Now, I want to find an orthogonal (not necessarily orthonormal) basis. The difficulty here is that it should only contain polynomials in the $z_i$ (negative powers are also allowed). Hence, the canonical approach using the Gram-Schmidt process doesn't work here. Additionally, the expressions for the orthogonal vectors should be as small as possible (sorry for my inability to phrase it more concisely).
Status
First of all, I'm not studying Math so I struggle finding a strategy to solve this problem. After researching on the internet for a week I stumbled across the concept of modules over polynomial rings so I'm hoping that I'm using the correct terminology in my question.
To demonstrate my thought process I want to show that $v_1$ and $v_2$ are not orthogonal: $$v_1\cdot v_2^*=-(1-z_2^2)z_3^{-1}(1-z_1^{-2})-z_3(1-z_2^2)(1-z_1^{-2})\neq0$$ Note that due to the fact that the $z_i$ have unit magnitude their complex conjugate can be written as their inverse ($(z_i^n)^*=z_i^{-n}$).
As a next step I tried to build the orthogonal basis $\{e_1,e_2,e_3\}$ from my original basis $\{v_1,v_2,v_3\}$ using a linear combination of the latter \begin{align*} e_1 &= p_1 v_1 + q_1 v_2 + r_1 v_3\\ e_2 &= p_2 v_1 + q_2 v_2 + r_2 v_3\\ e_3 &= p_3 v_1 + q_3 v_2 + r_3 v_3 \end{align*} where $p_i,q_i,r_i$ are polynomial in $z_1,z_2,z_3$ (also allowing negative exponents), e.g. $p_1=1+z_2^2-z_1^{-1}$.

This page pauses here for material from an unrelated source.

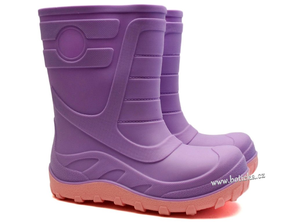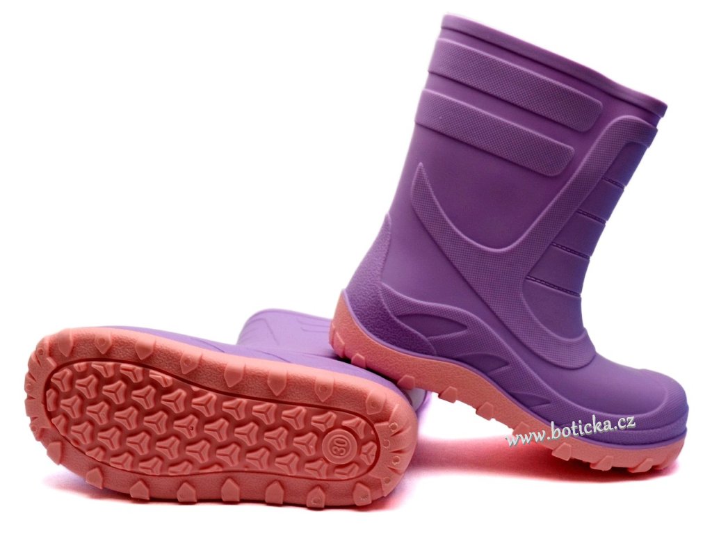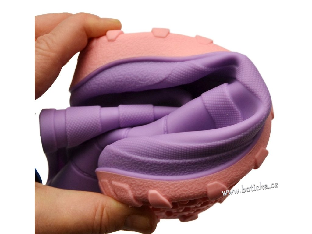 Tyto dívčí holínky / gumáky jsou lehké a maximálně ohebné, takže děti ani po delší době nebolí nožičky. Jsou vhodné jako gumáky od jara do podzimu. Podrážka botiček není rovná, ale lehce tvarovaná. Botky nemají zpevněný opatek. Holínky mají vyjímatelnou froté stélku

Following this approach I tried different relationships between $p_i,q_i,r_i$ to utilize the symmetries in $\{v_1,v_2,v_3\}$. All of my ideas ended up in rather lengthy equations that I couldn't solve.
Thanks in advance for any advice guiding me in the correct direction or proofing to me that such a basis does not exist! I'm happy to give more information about my problem!
The Gram-Scmidt procedure reursively takes a set of linearly inedpendent vectors $$\{v_1, ...,v_k,v_{k+1} \}$$ of which the first $k$ vectors have been constructed to be orthogonal and defines $$v_{k+1}'=v_{k+1}-\frac{v_{k+1}\bullet v_1}{v_1 \bullet v_1}v_1-...-\frac{v_{k+1}\bullet v_k}{v_k \bullet v_k}v_k$$,which produces an orthogonal set$$\{v_1, ...,v_k,v_{k+1}' \}$$ Modify the formula for $v_{k+1}'$ by multipling the right side by the product of all the $v_i \bullet v_i$ for $1 \le i \le k$. You will still have an orthogonal set of vectors but there won't be any undefined division.